Beneath this line are the data; copy exactly the part of them that opens with the line containing "Практично у всіх" and closes with the line containing "Положение крестьян1718 –", and only that part.
** Source data follows **
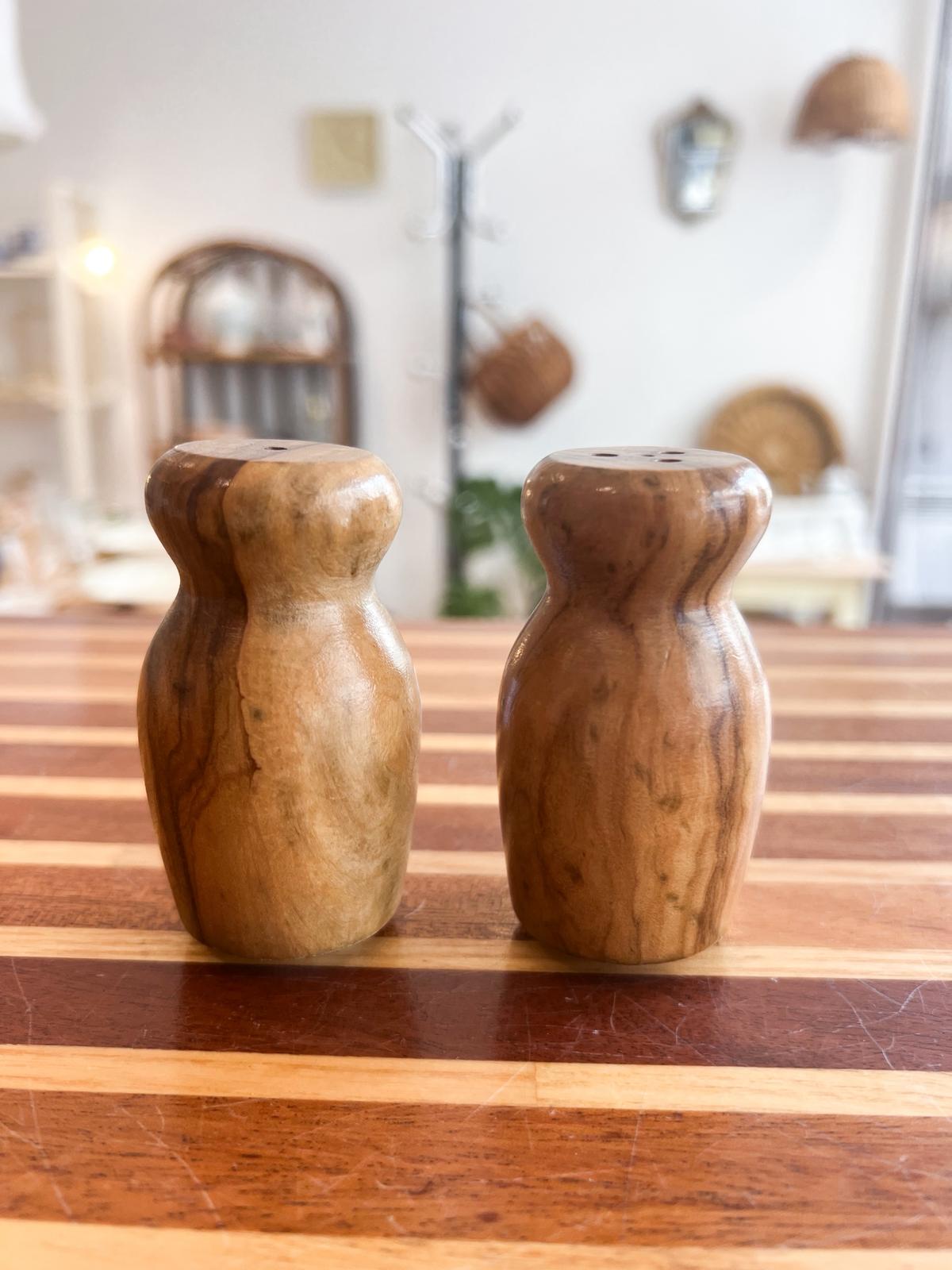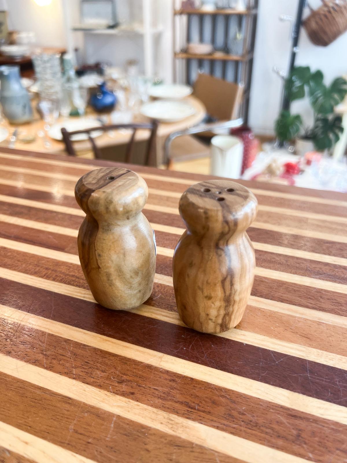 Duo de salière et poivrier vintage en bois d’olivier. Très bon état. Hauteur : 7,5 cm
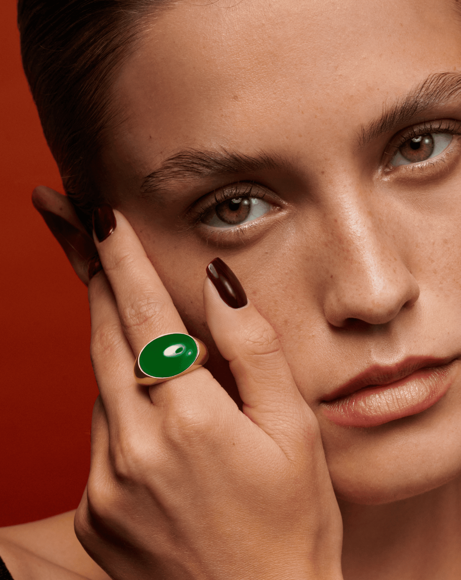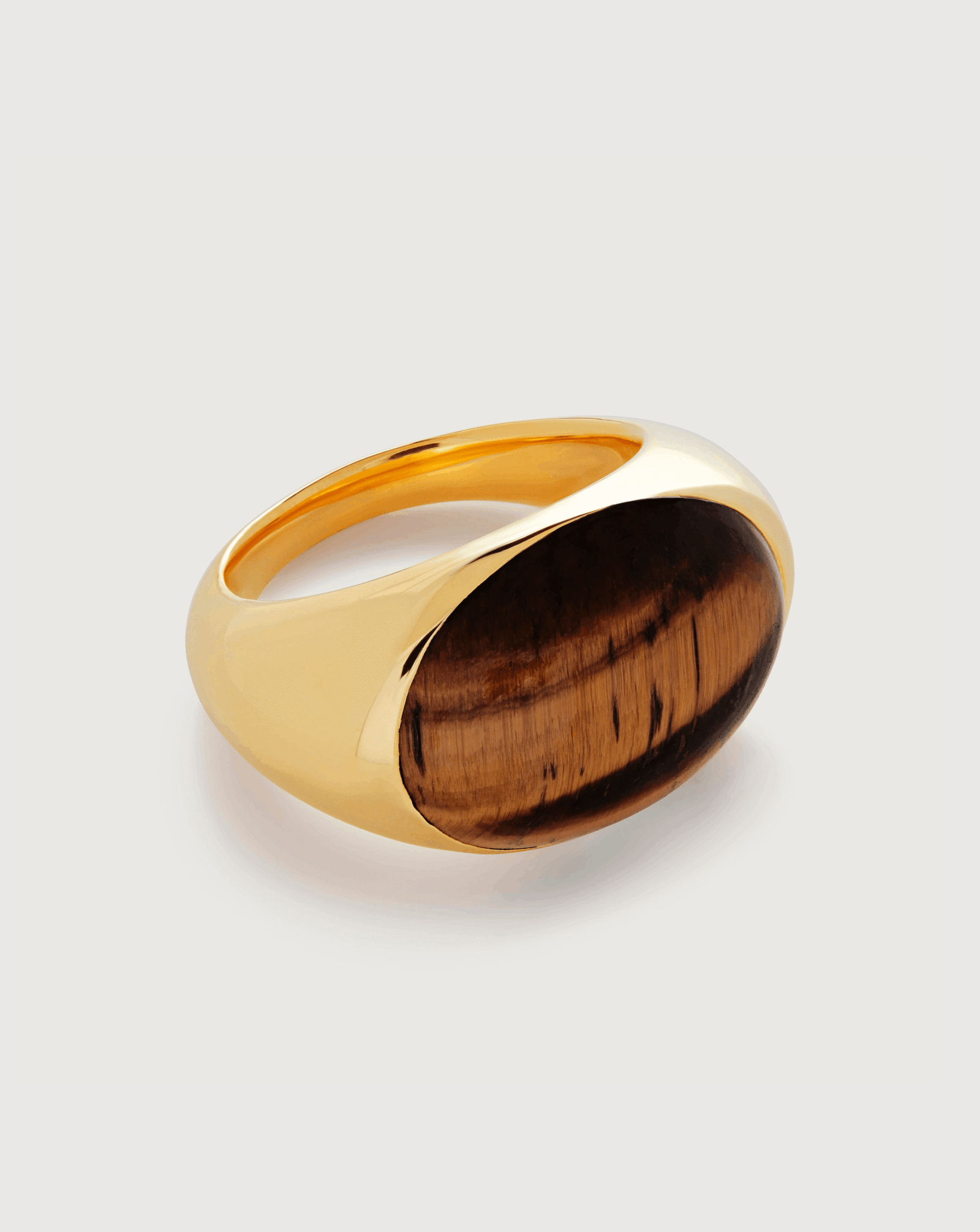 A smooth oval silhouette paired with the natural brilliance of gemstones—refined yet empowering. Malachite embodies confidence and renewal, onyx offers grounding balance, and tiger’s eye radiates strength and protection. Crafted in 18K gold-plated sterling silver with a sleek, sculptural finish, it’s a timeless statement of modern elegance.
** End of Source data **
** Source data follows **
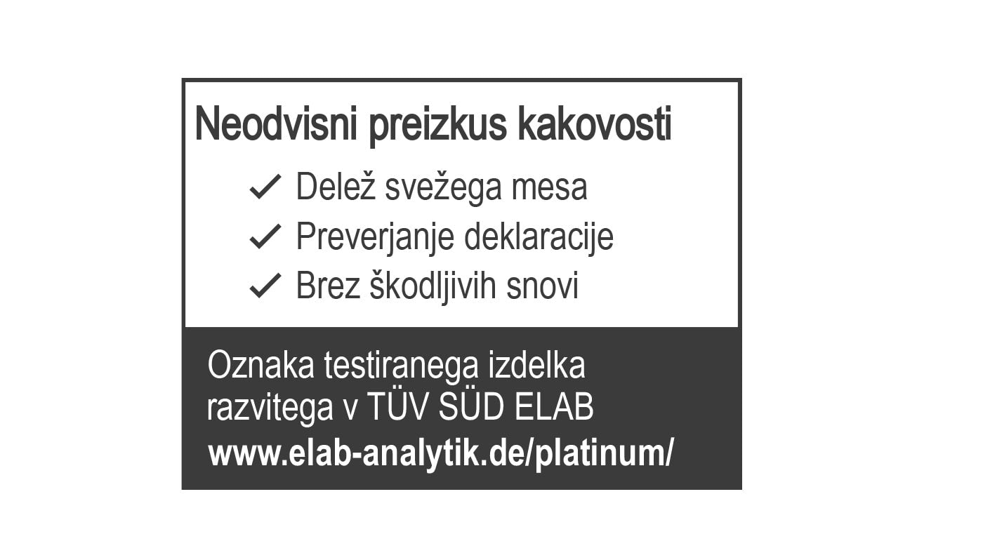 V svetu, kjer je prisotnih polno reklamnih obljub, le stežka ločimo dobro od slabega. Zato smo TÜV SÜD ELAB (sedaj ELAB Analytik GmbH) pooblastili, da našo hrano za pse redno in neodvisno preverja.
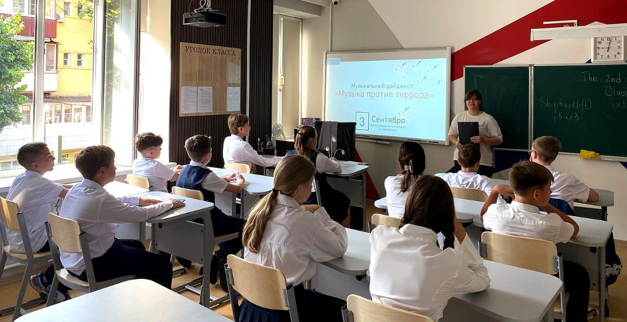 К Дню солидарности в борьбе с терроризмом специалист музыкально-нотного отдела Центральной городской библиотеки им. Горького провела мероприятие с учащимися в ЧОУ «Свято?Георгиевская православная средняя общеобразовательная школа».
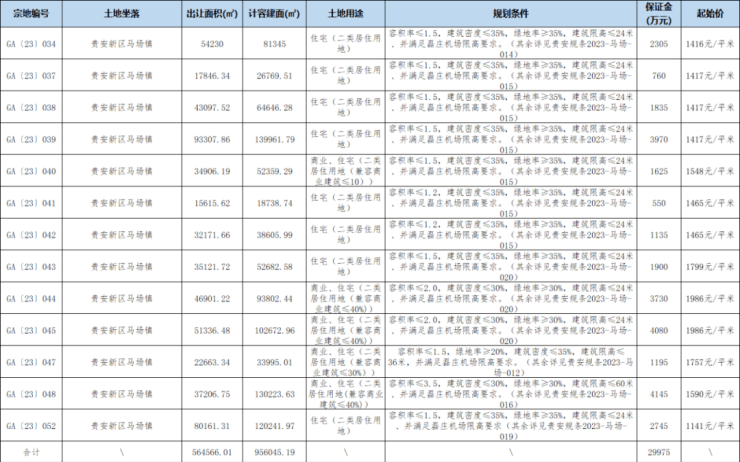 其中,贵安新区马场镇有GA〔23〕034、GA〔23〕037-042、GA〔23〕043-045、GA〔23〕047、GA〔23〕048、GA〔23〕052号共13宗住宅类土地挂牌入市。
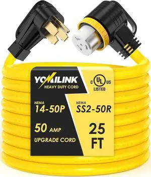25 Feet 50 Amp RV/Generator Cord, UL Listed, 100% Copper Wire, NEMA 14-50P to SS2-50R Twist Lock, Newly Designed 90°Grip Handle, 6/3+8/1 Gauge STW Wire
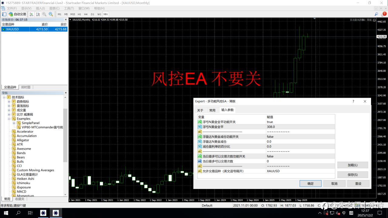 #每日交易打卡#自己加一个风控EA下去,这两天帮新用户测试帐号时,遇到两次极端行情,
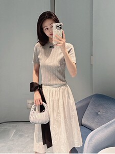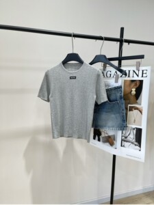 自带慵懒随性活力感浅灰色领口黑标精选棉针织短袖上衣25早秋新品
** End of Source data **
** Source data follows **
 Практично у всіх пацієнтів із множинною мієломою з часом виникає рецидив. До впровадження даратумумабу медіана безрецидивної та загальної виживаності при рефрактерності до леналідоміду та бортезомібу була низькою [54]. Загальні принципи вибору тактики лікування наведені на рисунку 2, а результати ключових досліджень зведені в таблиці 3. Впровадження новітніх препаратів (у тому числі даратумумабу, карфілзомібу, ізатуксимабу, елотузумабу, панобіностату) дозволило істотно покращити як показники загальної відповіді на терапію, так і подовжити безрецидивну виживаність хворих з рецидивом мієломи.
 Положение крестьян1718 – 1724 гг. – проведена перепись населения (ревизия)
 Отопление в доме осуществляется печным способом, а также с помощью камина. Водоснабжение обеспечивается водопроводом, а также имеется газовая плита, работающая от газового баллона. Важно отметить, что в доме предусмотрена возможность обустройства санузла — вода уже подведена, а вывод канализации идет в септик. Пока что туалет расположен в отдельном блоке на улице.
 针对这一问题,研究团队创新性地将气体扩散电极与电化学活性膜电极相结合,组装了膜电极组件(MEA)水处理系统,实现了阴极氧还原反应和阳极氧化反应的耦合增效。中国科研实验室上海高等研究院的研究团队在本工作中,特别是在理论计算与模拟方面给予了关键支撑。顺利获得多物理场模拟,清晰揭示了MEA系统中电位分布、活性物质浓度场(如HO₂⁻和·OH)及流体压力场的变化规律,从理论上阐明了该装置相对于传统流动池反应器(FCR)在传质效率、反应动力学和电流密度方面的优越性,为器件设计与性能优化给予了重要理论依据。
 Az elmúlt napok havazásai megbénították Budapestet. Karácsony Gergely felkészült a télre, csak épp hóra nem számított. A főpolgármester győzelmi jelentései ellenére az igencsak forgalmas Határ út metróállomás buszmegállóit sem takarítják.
** End of Source data **
▶ **Exercise answer**
 Практично у всіх пацієнтів із множинною мієломою з часом виникає рецидив. До впровадження даратумумабу медіана безрецидивної та загальної виживаності при рефрактерності до леналідоміду та бортезомібу була низькою [54]. Загальні принципи вибору тактики лікування наведені на рисунку 2, а результати ключових досліджень зведені в таблиці 3. Впровадження новітніх препаратів (у тому числі даратумумабу, карфілзомібу, ізатуксимабу, елотузумабу, панобіностату) дозволило істотно покращити як показники загальної відповіді на терапію, так і подовжити безрецидивну виживаність хворих з рецидивом мієломи.
 Положение крестьян1718 – 1724 гг. – проведена перепись населения (ревизия)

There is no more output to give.